Of 101 individuals invited to participate in the survey, 52 responded to the survey. About 3/5 of respondents were non-management, and 2/5 were management. The majority of respondents have a bachelor’s degree or higher. About half of the organization has technical degrees, and about 2/3 have non-technical or no degrees.

Management Role

knitr::opts_chunk$set(echo = TRUE)

###Employees in a management role
table(innovation$managementRoleSimple)


    Management Non-management 
            21             31

Degree level

knitr::opts_chunk$set(echo = TRUE)

###Employee highest degree
table(innovation$highestDegree)


High School Diploma  Associate's Degree   Bachelor's Degree 
                  6                   1                  15 
    Master's Degree  Professonal Degree     Doctoral Degree 
                 20                   0                   9

Degree type

knitr::opts_chunk$set(echo = TRUE)

###Employee educational background
table(innovation$educationBackground)


         Both Non-Technical     Technical 
           10            25            17

Survey responses

Survey responses were based on a 7-point Likert scale:
-3 strongly disagree
-2 disagree
-1 slightly disagree
0 neither agree nor disagree
1 slightly agree
2 agree
3 strongly agree

Below, a visualization summarizes responses by management role and survey variable.
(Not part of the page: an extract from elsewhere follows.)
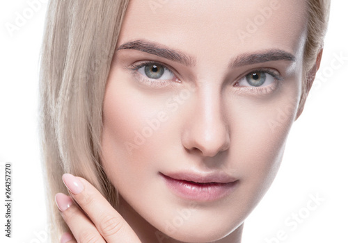 Beautiful hair woman blonde long hairstyle beauty healthy skin face closeup
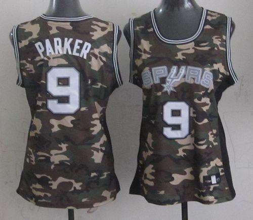 Spurs #9 Tony Parker Camo Women's Stealth Collection Stitched NBA Jersey

knitr::opts_chunk$set(echo = TRUE)

library(tidyr)
library(dplyr)

#mutating survey responses to text
innovation_txt <- innovation %>% 
  mutate(across(c(utilizeCapabilitiesSelfact:prioritizeTimeBudgetRisktol),~case_when(.==-3~"Strongly disagree",.==-2~"Disagree",.==-1~"Slightly disagree",.==0~"Neither agree nor disagree",.==1~"Slightly agree",.==2~"Agree",.==3~"Strongly agree")))

#making survey responses ordinal
innovation_txt <- innovation_txt %>%
  mutate(across(c(utilizeCapabilitiesSelfact:prioritizeTimeBudgetRisktol), ~factor(., order=TRUE, levels=(c("Strongly disagree","Disagree","Slightly disagree","Neither agree nor disagree","Slightly agree","Agree","Strongly agree")))))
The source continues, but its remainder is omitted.